New export orders also remained in contraction territory for the seventh consecutive month, as coronavirus continues to spread across the globe with countries reporting second waves of the pandemic, according to the report.

The world economy is set to slide into its deepest recession since the Great Depression, with the International Monetary Fund projecting a 4.9 per cent contraction this year and a sluggish recovery in 2021.

Growth in China will decelerate to 1 per cent, compared to a previous 1.2 per cent growth estimate, after expanding 6.1 per cent in 2019, its slowest pace in about three decades, according to the fund.

“Traders are somewhat optimistic about the economic recovery in China. The Chinese July manufacturing activity printed a better number than the forecast,” Naeem Aslam, chief market analyst at Ava Trade said.

Beijing has rolled out a number of measures to boost growth, including cuts in key lending rates as well as allowing local governments to sell far more bonds to fund infrastructure projects.

China's rebound was also complemented with a revival across eurozone factories which registered a strong return to growth in July — the region's first manufacturing expansion in one-and-a-half years — as demand continued to recover in line with the further easing of restrictions on activity related to the coronavirus outbreak.

IHS Markit Eurozone Manufacturing PMI registered 51.8, up from 47.4 in the previous month.

Spain was the strongest-performing nation overall, with a 53.5 PMI, the highest reading for over two years. France and Austria had slower but solid gains as well, registering PMIs of 52.4 and 52.8 respectively. Germany and Italy had modest growth at 51 and 51.9 respectively.

Only Greece and the Netherlands registered PMI readings below 50.0 in July.

“Eurozone factories reported a very positive start to the third quarter, with production growing at the fastest rate for over two years, fuelled by an encouraging surge in demand," said Chris Williamson, chief business economist at IHS Markit.
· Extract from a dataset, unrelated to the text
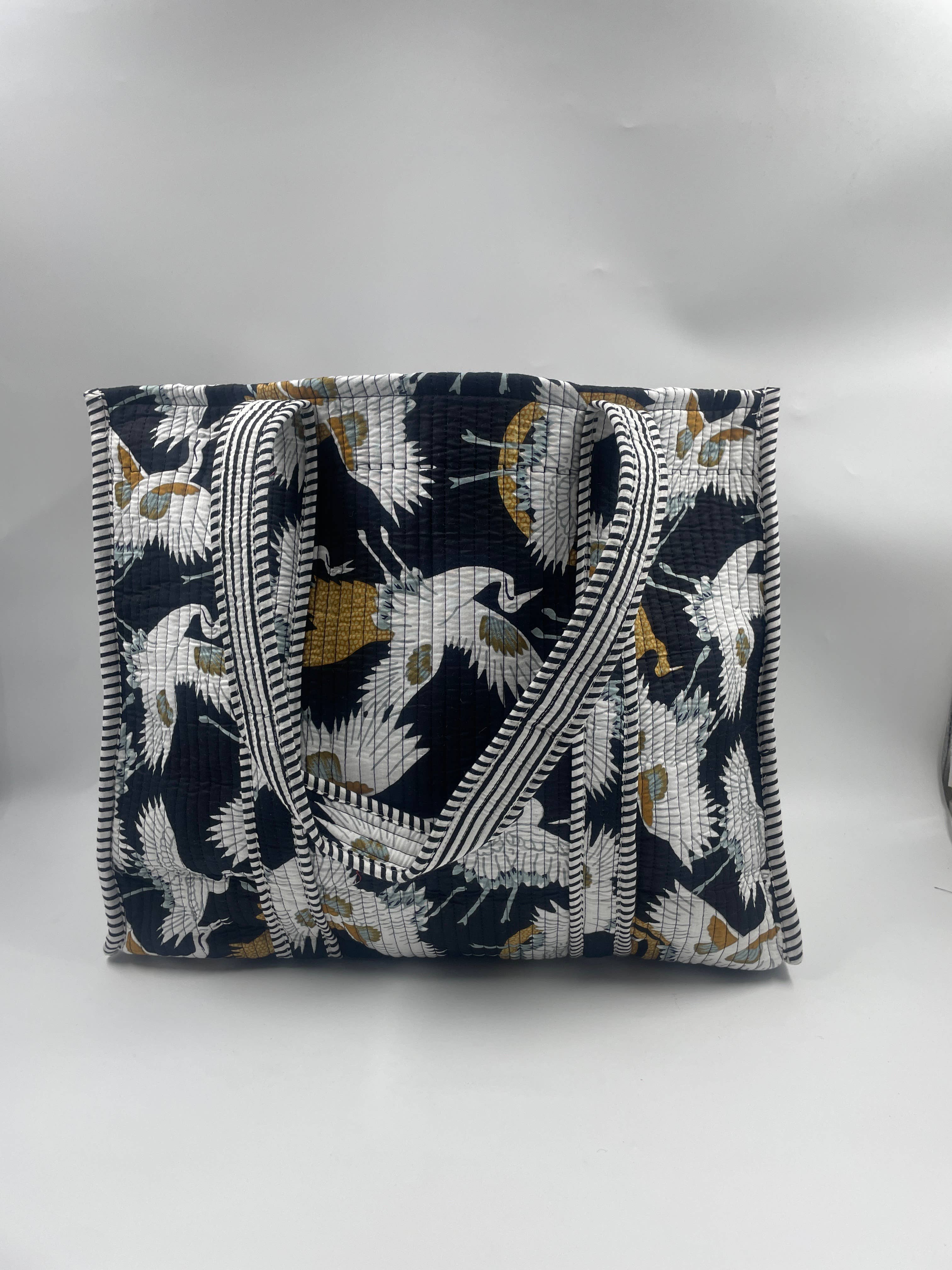 Extra Large Bird Print Cotton Kantha Quilted Boho Tote Bag
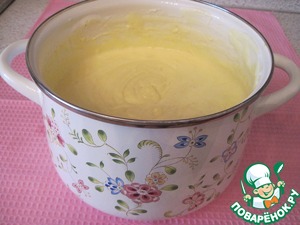 Желтки растереть с 1 стаканом сахара, влить молоко, размешать, добавить муку, еще раз перемешать.

"Growth of new orders in fact outpaced production, hinting strongly that August should see further output gains," he added. "The order book improvement has also helped restore business confidence about the outlook in July to January’s pre-pandemic peak."
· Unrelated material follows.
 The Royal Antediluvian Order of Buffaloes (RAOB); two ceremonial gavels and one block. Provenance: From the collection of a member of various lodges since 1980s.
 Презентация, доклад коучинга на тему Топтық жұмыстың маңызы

Job numbers remain a "major concern" as the labour market is likely to be key to determining the path of economic recovery, Mr Williamson said.

Though the pace of job losses slowed to the lowest since March, it remains greater than at any time since 2009, due to widespread cost-cutting at many companies hit hard by the pandemic.

"Increased unemployment, job insecurity, second waves of virus infections and ongoing social distancing measures will inevitably

restrain the recovery," Mr Williamson said.

“The next few months numbers will therefore be all important in assessing whether the recent uplift in demand can be sustained, helping firms recover lost production and alleviating some of the need for further cost cutting going forward.”